> **What is expected**: The answer must be the complete listing, copied exactly.

> **Recorded data**:
Start of Block
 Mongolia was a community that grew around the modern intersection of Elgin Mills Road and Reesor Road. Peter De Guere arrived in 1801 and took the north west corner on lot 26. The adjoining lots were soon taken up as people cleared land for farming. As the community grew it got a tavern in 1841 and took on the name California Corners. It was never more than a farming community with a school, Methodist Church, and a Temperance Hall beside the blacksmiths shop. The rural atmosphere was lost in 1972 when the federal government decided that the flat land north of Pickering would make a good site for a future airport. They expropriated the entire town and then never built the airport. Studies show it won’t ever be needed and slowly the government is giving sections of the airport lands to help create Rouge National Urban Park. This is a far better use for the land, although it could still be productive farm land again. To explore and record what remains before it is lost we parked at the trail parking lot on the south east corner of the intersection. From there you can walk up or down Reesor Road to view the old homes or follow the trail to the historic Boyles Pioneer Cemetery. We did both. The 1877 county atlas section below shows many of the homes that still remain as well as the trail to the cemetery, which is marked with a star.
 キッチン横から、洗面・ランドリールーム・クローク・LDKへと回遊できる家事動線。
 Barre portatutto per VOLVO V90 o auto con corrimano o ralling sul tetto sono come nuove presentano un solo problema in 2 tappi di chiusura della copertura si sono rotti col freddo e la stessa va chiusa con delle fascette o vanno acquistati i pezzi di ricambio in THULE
End of Block
> **Response area**:
 Mongolia was a community that grew around the modern intersection of Elgin Mills Road and Reesor Road. Peter De Guere arrived in 1801 and took the north west corner on lot 26. The adjoining lots were soon taken up as people cleared land for farming. As the community grew it got a tavern in 1841 and took on the name California Corners. It was never more than a farming community with a school, Methodist Church, and a Temperance Hall beside the blacksmiths shop. The rural atmosphere was lost in 1972 when the federal government decided that the flat land north of Pickering would make a good site for a future airport. They expropriated the entire town and then never built the airport. Studies show it won’t ever be needed and slowly the government is giving sections of the airport lands to help create Rouge National Urban Park. This is a far better use for the land, although it could still be productive farm land again. To explore and record what remains before it is lost we parked at the trail parking lot on the south east corner of the intersection. From there you can walk up or down Reesor Road to view the old homes or follow the trail to the historic Boyles Pioneer Cemetery. We did both. The 1877 county atlas section below shows many of the homes that still remain as well as the trail to the cemetery, which is marked with a star.
 キッチン横から、洗面・ランドリールーム・クローク・LDKへと回遊できる家事動線。
 Barre portatutto per VOLVO V90 o auto con corrimano o ralling sul tetto sono come nuove presentano un solo problema in 2 tappi di chiusura della copertura si sono rotti col freddo e la stessa va chiusa con delle fascette o vanno acquistati i pezzi di ricambio in THULE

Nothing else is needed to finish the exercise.